One facet of the rule mandating drinking water testing in schools and child-care facilities could ensure that hundreds of untested Indiana schools verify that their drinking water is lead-free.

Schools and child care centers in Indiana, like elsewhere, are not required to test their drinking water, but the state does offer free lead testing for public school districts.

The Indiana Environmental Reporter found that only 60% of the state’s public schools enrolled in the state testing program in the 2017-2018 school year, the last year reported. Nearly 40% of all public schools in the state did not report any kind of lead testing at all.

About 62% of schools tested had at least one water fixture with lead levels over 15 ppb, the amount that requires immediate action by law. That can mean line replacement or the installation of other water quality measures.

About 40% of schools in Indiana did not report any kind of lead testing at all.

IDEM told the Indiana Environmental Reporter that Indiana schools are ultimately responsible for monitoring their own drinking water for lead. The proposal, in its current version, could change that.

If the proposal is implemented, public water systems would be required to test drinking water at 20% of schools and licensed child-care centers in their service area every year. The systems would have to complete the testing of every school and center in their area every five years.

EPA administrator Andrew Wheeler said the proposal seeks to protect the nation’s most vulnerable populations.

“The system would be required to provide the results as well as information on actions the school or childcare facility can take to reduce lead in drinking water,” said Wheeler. “We want to make sure that the parents of those children know what the lead content is in the water where they send their children every day.”

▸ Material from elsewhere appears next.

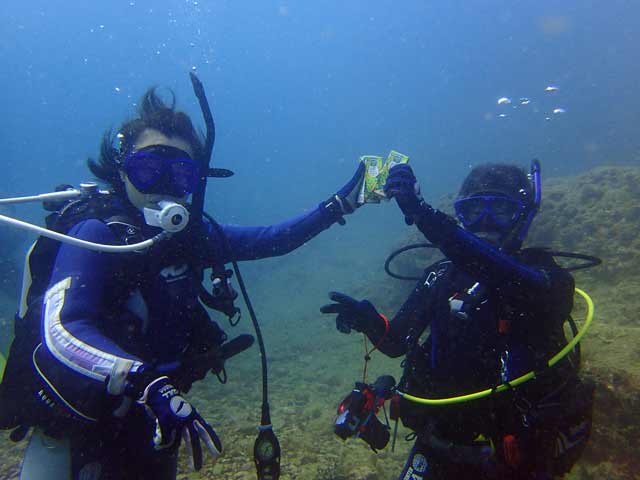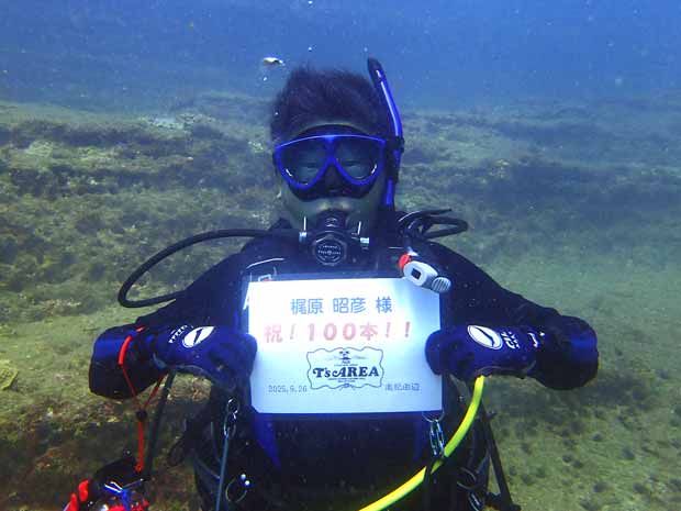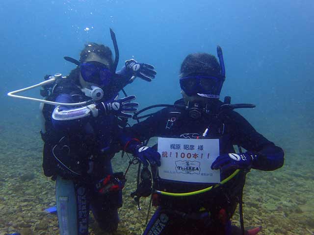 今回は平日の金曜日に南紀田辺に日帰りでアドバンスの講習とディープSPとファンダイブに行ってまいりました!(^ー^)> この日はお天気は最高で、海に飛び込むと海が青くてメッチャ気持ち良い〜!そして海の中の生物がいっぱいで今回もメッチャ癒される〜!でした (^^)v と言うことでこの日は「ショウガセ」でアドバンスのディープとディープSP、「南部出しアーチ」でアドバンスのボートの講習を兼ねて楽しんできました。 そして今回は偉大な黒潮が「冷水塊」を蹴散らしてくれて、すっかり夏の海に戻してくれて水温は26〜28度もあったのでウエットスーツで快適にそして気持ち良く潜って来ましたよ〜(^^) どういう風に快適に気持ち良かったのか?癒されたのか?「百聞は一見に如かず」、この下に写真を貼り付けたのでぜひ観て下さい!m(^−^)m ![]() さぁ!潜るでぇ〜!!と張り切って出港しました(^^)v アドバンスの講習生のH田さん(右)とディープSP講習生のK原さん(^^) 1本目はディープダイビングの講習で「ショウガセ」 ![]() ![]() お二人はサクサクとディープ講習の課題をこなしてくれました(^^) ![]() ダイブコンピューターで潜水時間をしっかり管理中のH田さん(^^) ![]() ディープダイビングも余裕のK原さん(^^) ![]() 相変わらずドロップオフのソフトコーラルが美しかったです(^^) ![]() そのドロップオフに乱舞するコガネスズメダイも群れ(^^) ![]() ![]() ![]() 根の上では相変わらずクマノミやミツボシクロスズメダイの成魚や幼魚が賑やかでした(^^) ![]() そのイソギンチャクにいたイソギンチャクエビ(^^) 2本目は「南部出しアーチ」でH田さんのアドバンスのボート講習とK原さんの100ダイブ達成記念お祝いダイブをやりましたv(^v^)v ![]() ![]() アドバンス講習生のH田さんが上手に僕たちを撮って下さいました!(^^) ![]() K原さん、100ダイブ達成!本当におめでとうございます!! これからも色んな海に感動と癒しを求めてご一緒させて下さいね〜!! m(^−^)m ![]() そして水中でジュースで乾杯です(^^) ![]() そのあと海の中で上手にジュースを飲んで下さったK原さん(^^) ![]() ![]() その後ファンダイブで名物のアーチを通過中のお二人(^^) ![]() アーチを通過後沖縄の県魚のグルクン(タカサゴ)に囲まれたH田さん(^^) ![]() ![]() ![]() クマノミの幼魚を撮影中のK原さん(^^) ![]() 岩の隙間にミナミハコフグの幼魚が(^^) ![]() ![]() サンゴの隙間にアシビロサンゴヤドリガニが(^^) ![]() ![]() 根の上は相変わらずソフトコーラルとソラスズメダイとキンギョハナダイが美しかったです(^^) ![]() それらを撮影中のK原さん(^^) ![]() と、メチャ余裕のH田さん(^^) ![]() ![]() 最後は根の上のマツバギンポ(上)とコケギンポと一緒に安全停止をして皆で安全に浮上しました(^^) ![]() K原さん100ダイブ達成おめでとうございます!! そしてPADIディープダイバー認定おめでとうございます!!ヽ(^o^)丿(^^♪ ![]() H田さんアドバンスのディープとボートの講習お疲れ様でした! とってもお上手でしたよ〜!!v(^^)v 残りの講習も今回みたいに楽しみながら一緒に練習しましょうね〜!!(^^♪ と言うわけで、今回も心身ともにエエように癒されてしまいました(^−^) このように、これから近場の海はこんな感じのメッチャ気持ち良いベストシーズンに突入です。 ぜひみなさん近々このメッチャ気持ち良い癒しの海にご一緒させて下さいね〜!!(^−^)> |

U.S. EPA administrator Andrew Wheeler announced the proposed Lead and Copper Rule revisions in Green Bay, Wis. October 10.

Only schools that use private wells as their sole water source are required to test for drinking water quality.

According to the EPA, the nation’s 98,000 public schools and 500,000 child care facilities are not directly regulated by the Safe Drinking Water Act, which regulates the amount of chemicals allowed in public drinking water systems.

Under the proposal, a public water system would be required to collect samples from five drinking water outlets at each school and two drinking water outlets at each child care facility served by that system.

“This proposal builds upon the successes and the lessons learned from the 1991 (Lead and Copper Rule) on how the drinking water community can continue to reduce lead levels in drinking water,” said the Association of State Drinking Water Administrators, the professional association serving state drinking water programs, in a statement. “ASDWA looks forward to continuing to work with EPA on implementing the final Long-Term Revisions for the Lead and Copper Rule as this rule applies to almost 80,000 water systems and implementation of the final (rule) is going to be a big lift.”

The rule also includes other changes to the current Lead and Copper Rule that the EPA says will help identify the parts of the United States most impacted by lead contamination and strengthen drinking water treatment.

The EPA’s proposal would require water systems to prepare and update a publicly-available inventory of lead service lines and collect tap samples from homes with lead service lines.
The water systems would be required to find and fix sources of lead when a sample in a home exceeds 15 ppb.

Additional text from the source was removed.